Thursday, June 14, 2012

French Bureaucracy and Me

I have recently had dealings with French bureaucracy... and before I'm deafened by the sharp intakes of breath from experienced expats, let me tell you it has been a pleasant eye-opener!

As everyone knows, French bureaucracy does not have a good reputation. This is especially true if you are self-employed whether you're French or not. However, I enjoy the more peaceful status of being an employée and am rarely in the throes of apoplexy or stressful angst before a mountain of papers. 


Actually the last time I was in that sort of state was when I was in the US and trying to leave the country to go home. I presented my passport at the check-in desk and they asked me where I was going. Home to France, said I wondering why they cared. Then they asked to see my French resident's card. I was bemused. Surely they'd got things the wrong way round - they should care about what I was up to in the US not whether I was an illegal alien in France!

What's more, it was 2009 and the carte de séjour had been abolished thanks to us all being one big happy Euro family, so I said that I didn't have one because I didn't need one. Stuck in pre-Euro happy family days, the woman on the other side of the counter wasn't convinced and insisted on seeing my resident's card. I said I couldn't show her something which didn't exist so eventually a superior was brought out who was also unaware of the change of rules. By this time I was wondering if I'd ever get back but remembered I had my old carte de séjour in my purse. I showed it to the manager and he examined it carefully and told me it was out of date. There's nothing like dealing with recalcitrant officials who are wrong, don't know how to recognise what's right if it slapped them in the face with a wet fish and are determined to be a jobsworth.

Eventually they accepted my version of events, grudgingly, but marked on my boarding card that I was highly suspicious which meant I got stopped and searched at each point between check-in and the aircraft. I suppose they caught up on the old but new (for them) situation eventually. What amazed me was that this was not the back of beyond, but Newark International Airport. How did they not know?

Anyway, my eldest son is 15 and a half, and thus a good age to get a British passport while he can still pay the child rate. He already has a French one but why not have a British one too? I went online to the Passport Office for expats website and started wading through the information. To my delight, I discovered that you can fill in a form online - the FCO passport form (on Adobe). It does quite a lot of the work for you, and steers you away from the sections you don't need. You can even save it and come back to it later. 

I will have to send it off with a copy of his birth certificate. You can request these online from the mairie of where you were born. I went to the Montpellier website and ordered one there. When it arrived I intended to have it officially translated by a local woman. I rang her up and left a message. She never got back to me; I didn't ring twice.

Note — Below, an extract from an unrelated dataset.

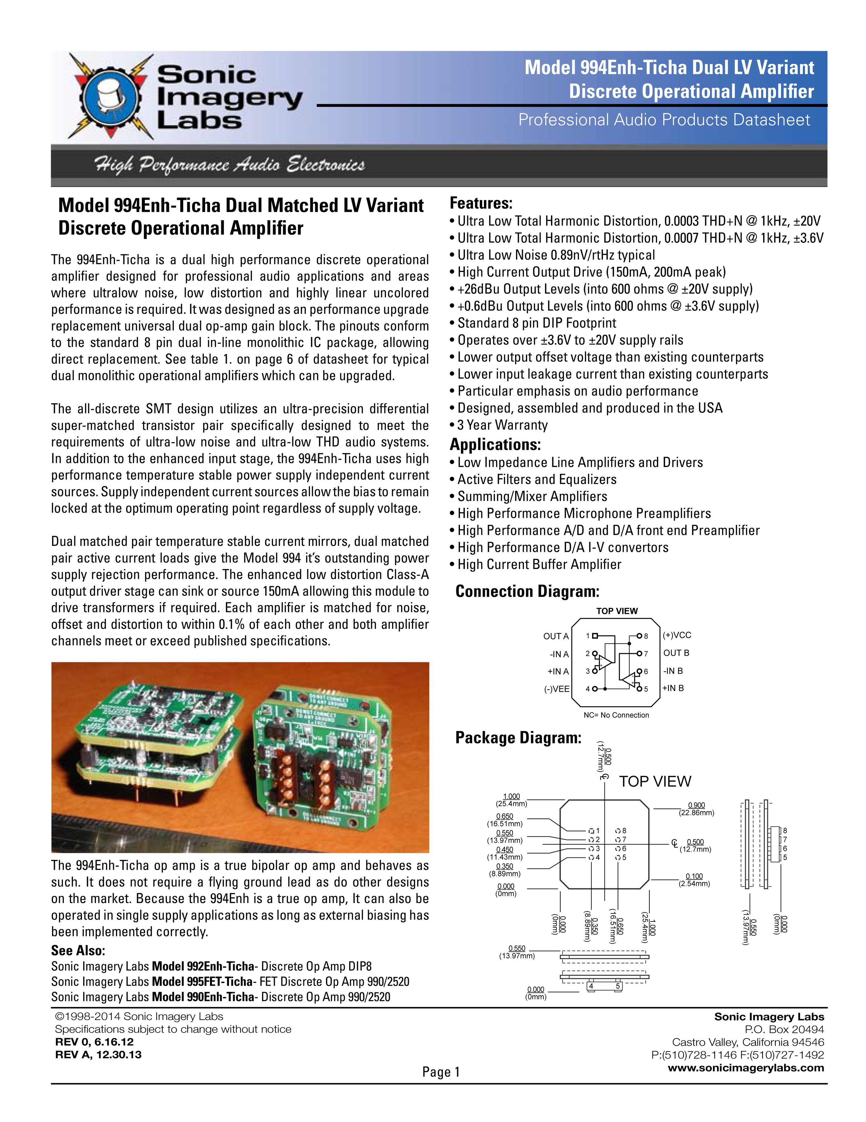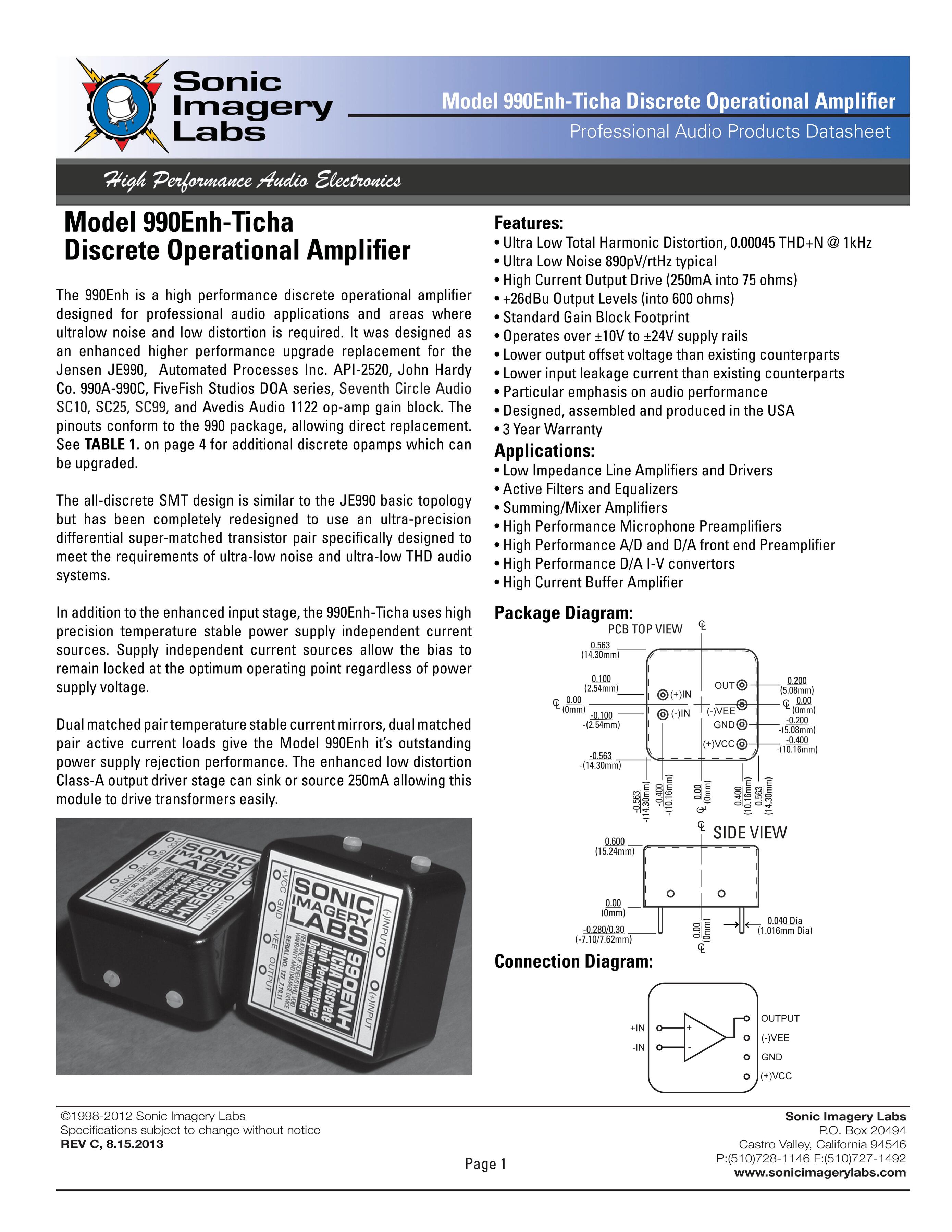 Модель 990Enh-Ticha представляет собой высокопроизводительный дискретный операционный усилитель, предназначенный для профессиональных областей применения звука, где требуется ультра-низкий уровень шума , низкие искажения и высокая линейная неокрашенная работа . Он был конструирован как высококачественная замена Jensen JE990, Automated Processes Inc. API-2520, John Hardy Co. 990A-990C, FiveFish Studios DOA series, Seventh Circle Audio SC10, SC25, SC99, and Avedis Audio 1122 op-amp gain block.

I had noticed on the UK passport website that you can ask for 'pluri-lingual' birth certificates from the mairie. I used the contact form on the Montpellier website to ask them if they did that too. I got a message back within 24hrs saying that they did and I just had to email the necessary information.

I then got an email to tell me that the certificate was ready and was being sent by post to me within 48hrs. Which it did. How's that for efficiency and service? It was free too. So, while I hear that much of French bureaucracy is a nightmare, there are some sections which are not; on the contrary they are a joy to work with, despair ye not.